If you’ve tuned into or read the news lately, you’ve probably seen a story about a data breach or a hacker gaining access to sensitive data. For companies that use sensitive data, cyber attacks should be a huge concern for your team, and something you’re actively striving to prevent.
Here are four of the biggest cybersecurity threats your company might be up against, and find out what steps you can take to prevent these types of data breaches in the future.
Shockingly the biggest cybersecurity threats often come from within. Your employees can be an open door for data compromise (whether it’s intentional or unintentional). Let’s look at a few ways your employees could be putting your data at risk.
First, they could be failing to align with best practices. There are three areas in particular you should look at:
- Device Security – Some employees may simply be too careless with their devices. Maybe they leave their mobile devices unlocked on their desk, or their computer briefly unattended at a coffee shop if they’re working remote. Regardless of how long a device is unattended or how safe of an environment you believe you’re in, a lack of device protections often lead to data compromises.
- Password Security – Do you have a stringent password security policy? And, are you actively enforcing it? Passwords should be complex and difficult to crack. Employees with simplistic passwords are often the gateway for hackers to infiltrate your systems. Here are a few guidelines employees should follow:
- Passwords should be changed frequently, every 30, 60, or 90 days.
- They should have upper and lowercase letters, numbers, and symbols.
- Employees should never reuse passwords for other logins.
- File Sharing Processes – If your employees regularly share files back and forth via email, your data is definitely at risk. When employees fail to align with secure file sharing best practices, they’re opening up your solutions to hackers. Files should only be shared via securing sharing solutions.
Next, your employees could simply have nefarious motivations of their own. Maybe they’ve been fired and want to do some damage on their way out the door. Or, perhaps they’re stealing and selling sensitive data for their own financial gain.

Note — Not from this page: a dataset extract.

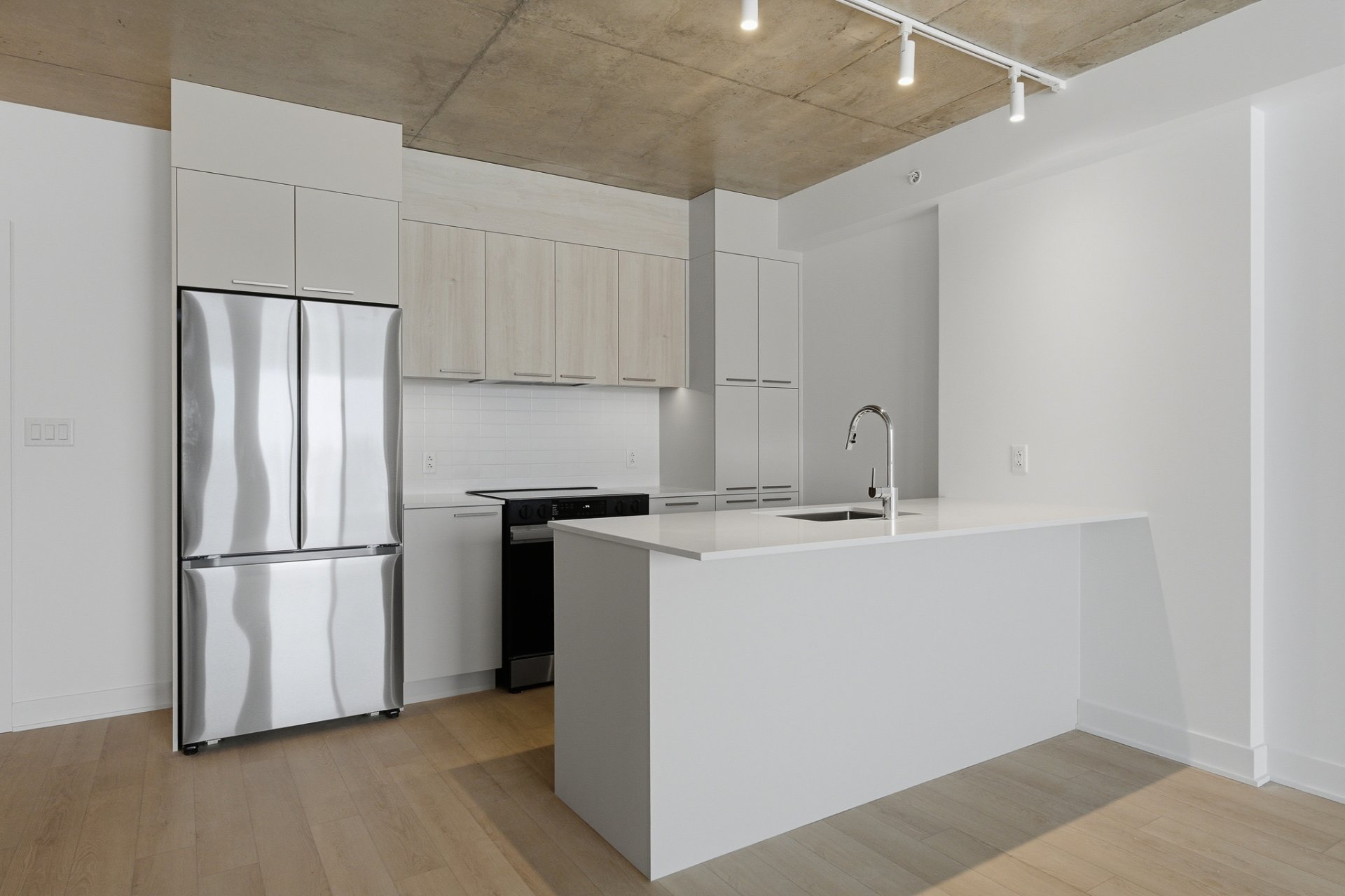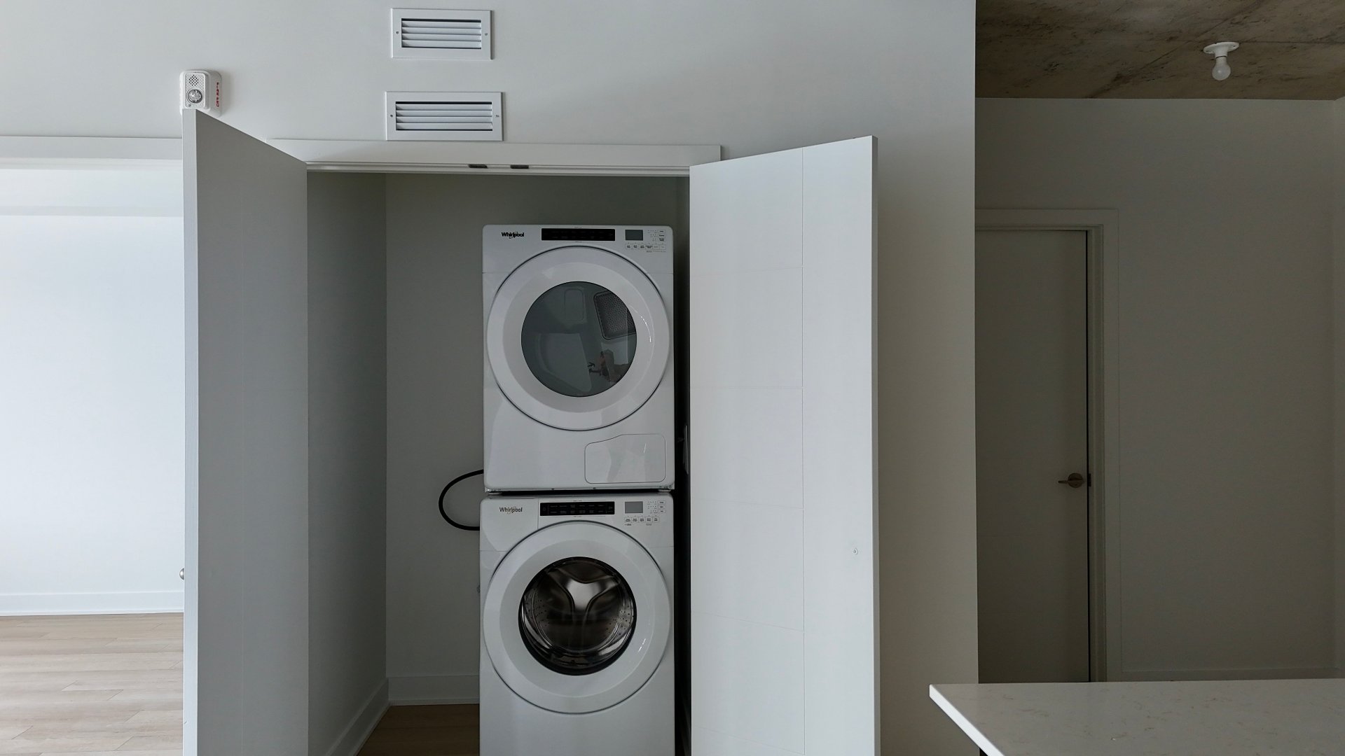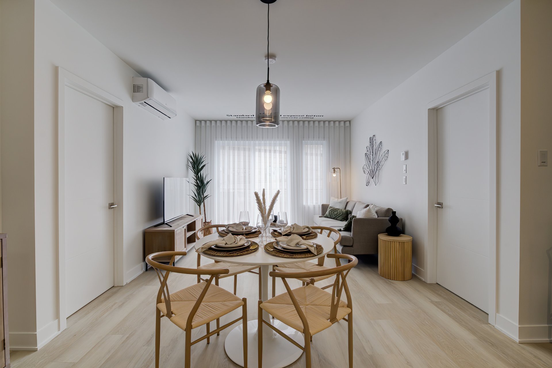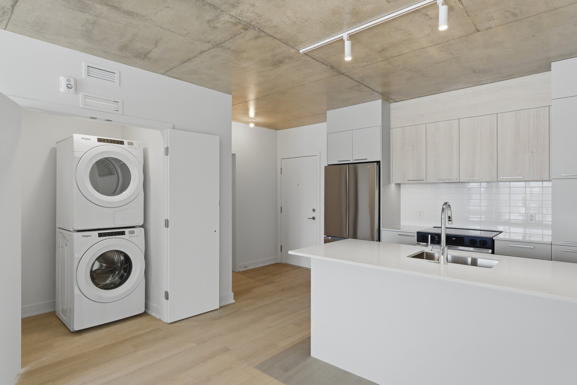 - Réfrigérateur, four, lave-vaisselle, laveuse et sécheuse. Climatisation et thermopompe. Tringle à rideau et luminaire.

The best way to protect your data from threats within your company is with granular access controls. Top file sharing solutions allow you to limit who can access, upload, download, delete, and edit specific files. With this capability, you can prevent your most sensitive data from being compromised by employees. Not everyone in your company needs the same level of access to all files. Access controls allow your administrators to enforce your security standards.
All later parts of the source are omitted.